May’s increase marked a slowdown after a 12.5 percent gain in April, but included strong growth in the raw materials that are used in forming the packaging used in Asia’s manufacturing industry.
Containerized exports of paper and paperboard, including wastepaper, rose 14 percent to 153,390 20-foot-equivalent units and accounted for 15 percent of the 1,016,376 TEUs of total imports during May.
Other big increases included 29 percent for logs and lumber, to 35,402 TEUs, and 26 percent for motor vehicles, to 34,181 TEUs.
Pet and animal feeds shipments declined 27 percent to 39,017 TEUs.
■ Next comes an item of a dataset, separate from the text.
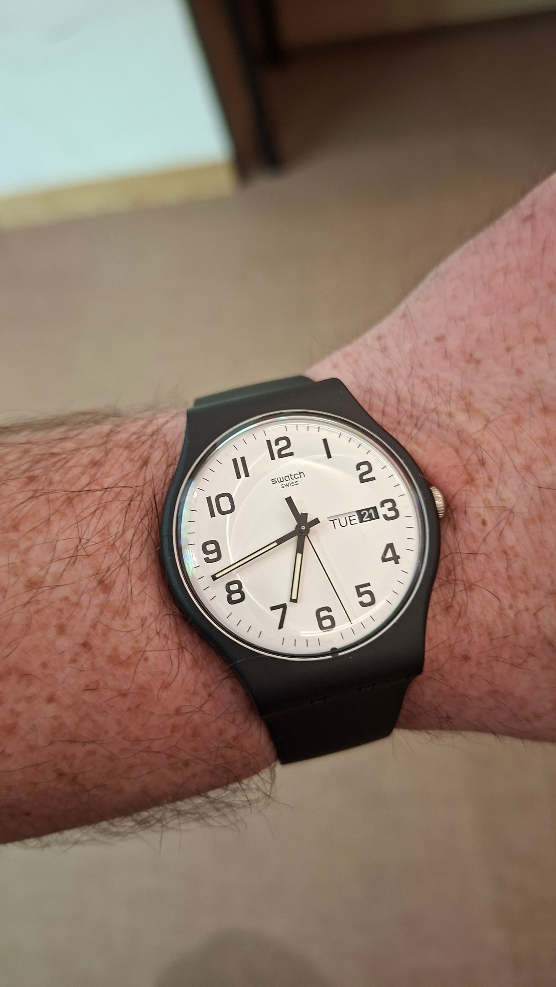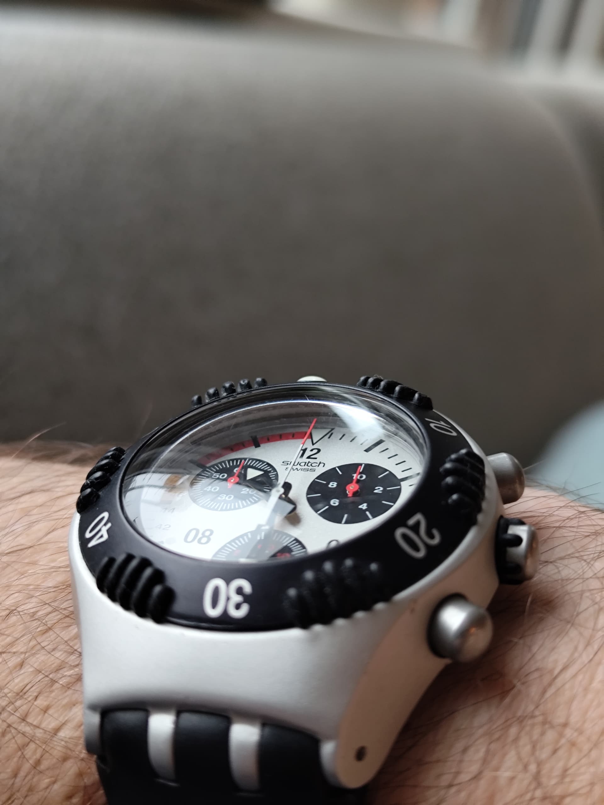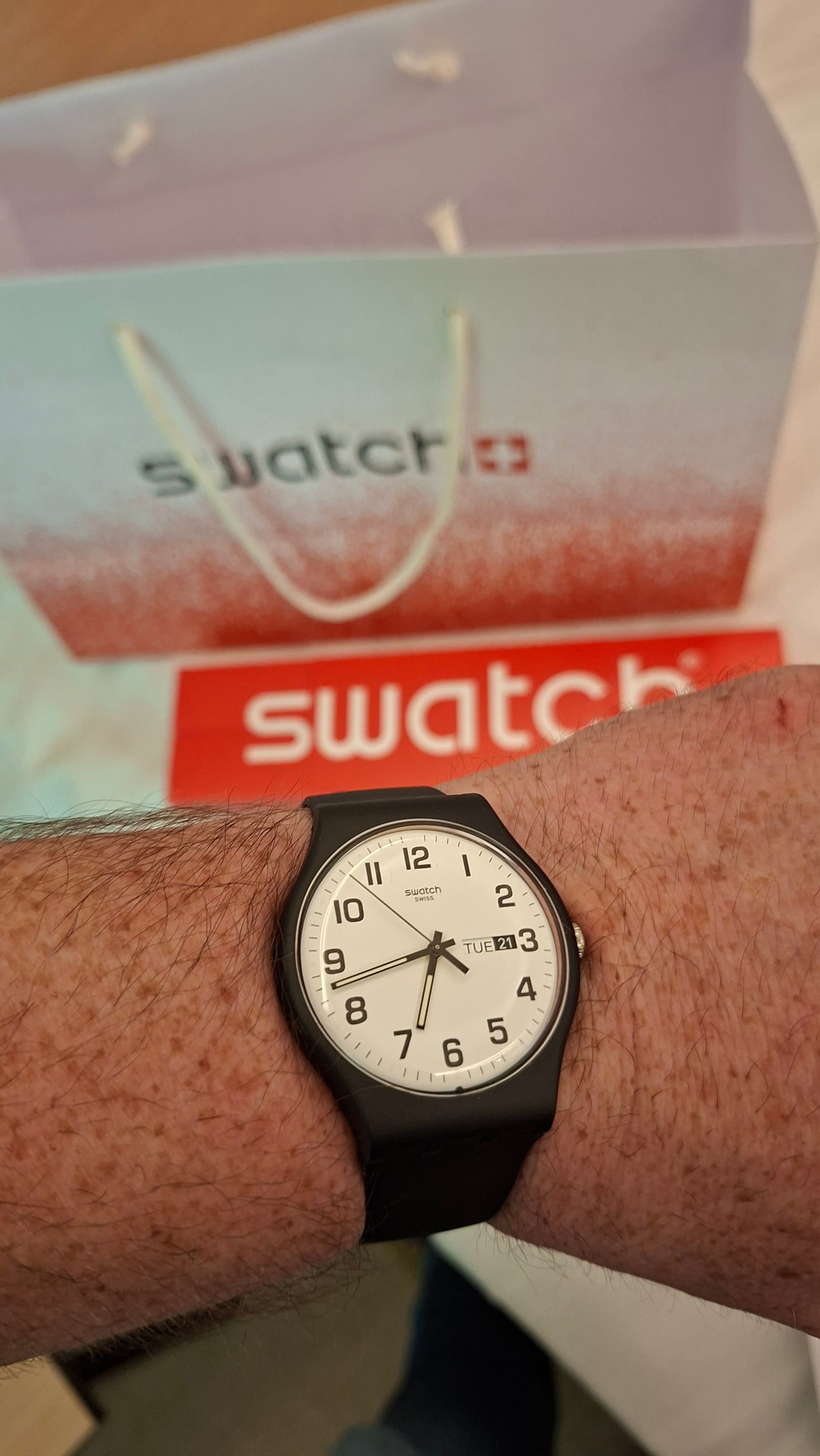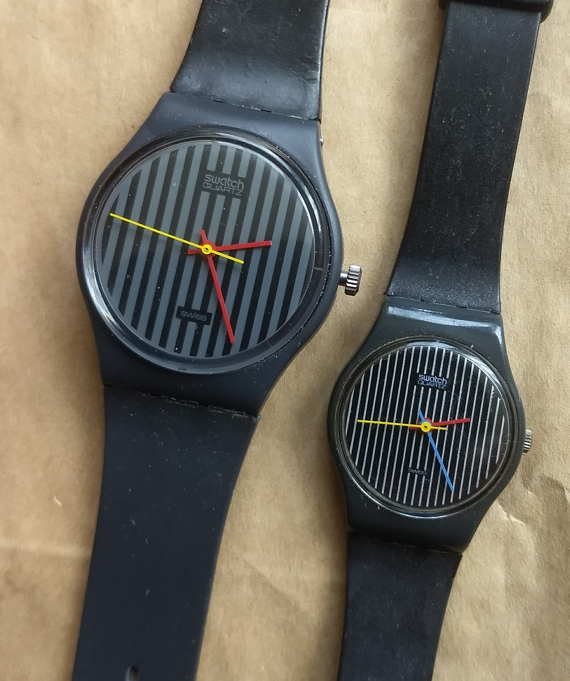 De Swatch die ik in 1984 voor mijn Heilige communie kreeg heb ik niet meer. Deze is degene die bij de Swatch boutique in Genève het dichtst in de buurt kwam van mijn eerste horloge. Zeer trots was ik destijds als 7 jarig jochie ![]()

Raw cotton and fabrics fell 3 percent to 30,567 as shipments declined from peak levels caused by frenzied overseas demand earlier this year.
Shipments to China, the top destination for containerized exports, rose 5 percent to 209,639 TEUs in May. Japan, the No. 2 U.S. market for containerized exports, rose 2 percent to 76,542 TEUs. Also rising 2 percent were No. 3 South Korea, to 58,122 TEUs, and No. 5 Hong Kong, to 40,725 TEUs.
Big gainers among others in the 10 countries for U.S. containerized exports included No. 4 Taiwan, up 27 percent to 50,964 TEUs; No. 6 Brazil, up 25 percent to 31,701 TEUs, and No. 7 India, up 21 percent to 30,794 TEUs.